Ace Your Coding Interview — Blind 75 Solved and Explained — Part 8 Heaps

6 min readDec 11, 2022

This week we are going to shift our focus to heaps. A heap is a particular type of tree-based data structure with certain characteristics. The unique part of heaps is that the root will always be the largest or smallest element and the tree will adjust itself when this node is removed to have a new root with those characteristics.

I will attach a link from geeks for geeks that best explains the intricacies of how heaps function.

Heap Data Structure - GeeksforGeeks

www.geeksforgeeks.org

Another point to make before starting these questions is that even though we solve them by utilizing heaps, there are many other ways to approach a reasonable solution that are more efficient and faster. However, to focus on solving a few questions using heaps, we are going to utilize heaps in this section.

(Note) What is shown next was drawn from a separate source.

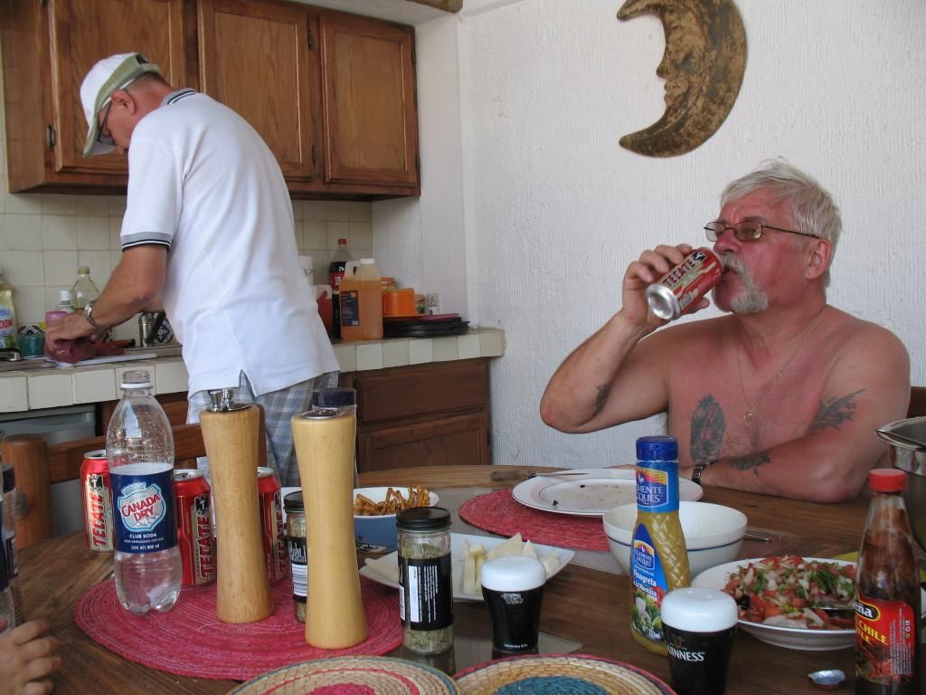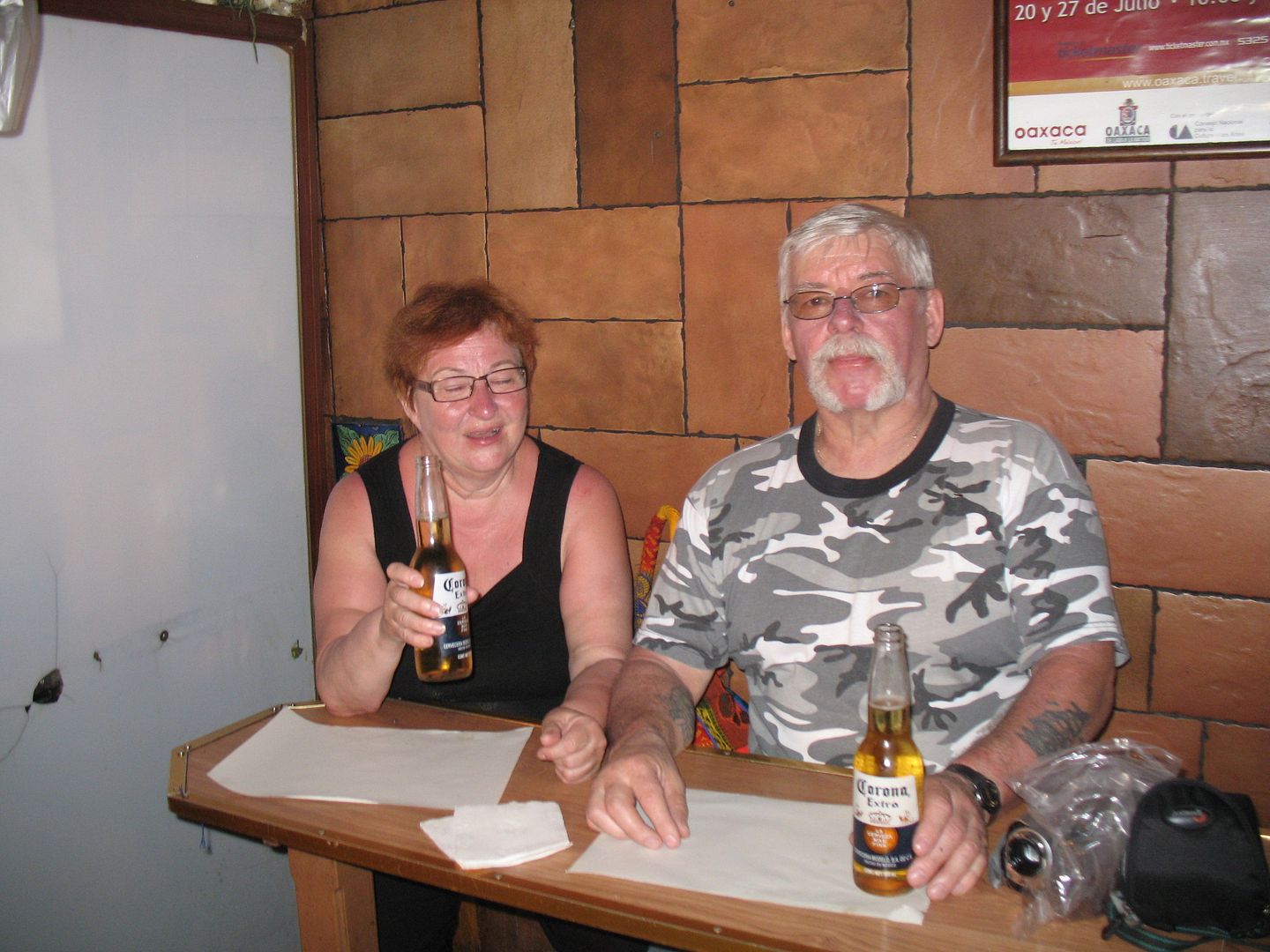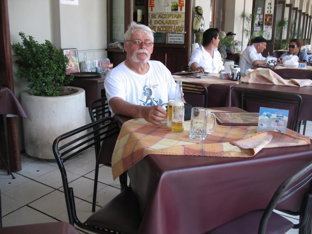 Teimme pienen kävelykierroksen kaupungilla ja palasimme hotelliin illalliselle. Koska oli lämmin ilta, tuumasimme että erinomainen meksikolainen olut olisi poikaa. Tilasin kummallekin oluet. Tarjoilija oli ammattimies ja sanoi että jos otamme 6 pulloa kerralla, niin hinta tippuisi puoleen pulloa kohti. Otin käyttöön alkoholistin laskuoppaan ja sain hetkessä tulokseksi, että mitä enemmän tätä olutta ostaa, sitä enemmän säästää. Tacot olivat erinomaisia ja olut erinomainen kyytipoika. *Vatsat Ja päät täynnä horjuimme huoneeseen toipumaan päivän rasituksista.

Blind 75 LeetCode Questions - LeetCode Discuss

leetcode.com

Question 1 — Find Median from Data Stream

Find Median from Data Stream - LeetCode

leetcode.com

Solution for Find Median from Data Stream

This question becomes one of the easier ones on the list once you figure out the main approach. The best way to approach a solution is by utilizing not one but two heaps. One to work as a max heap and one as a min-heap. What we come to realize is the largest number in the bottom half of the list and the smallest number in the top half of the list can be utilized to find the median.

Our Approach:

Let’s start by creating two heaps — a max and a min heap. This is done by establishing two priority queues, one of which needs to be set up in reverse order. The reason for creating a min and a max heap is so that when peeking at the two heaps separately, we get the max from the bottom half and the min from the top half.
We make a method so we can add values into our separate heaps accordingly. We start by adding the value to our max heap and follow this by balancing out the min and max heap. How does this balancing occur? We move the largest element from the max heap to the min heap when necessary. If the size of the two heaps doesn’t match after this operation, move the smallest element from the min to the max heap to restore balance.
Our find median method is relatively straightforward at this point. All the complicated work is done. If the length of max and min heaps don’t match, we simply return the largest element of the max heap as it will be representing the median value. If the two heaps are equal in length this means the largest number from the max heap and the smallest number from the min heap can be added and divided by two to get the average. Due to the design of our heaps, this operation can be done by polling both heaps to get the according numbers.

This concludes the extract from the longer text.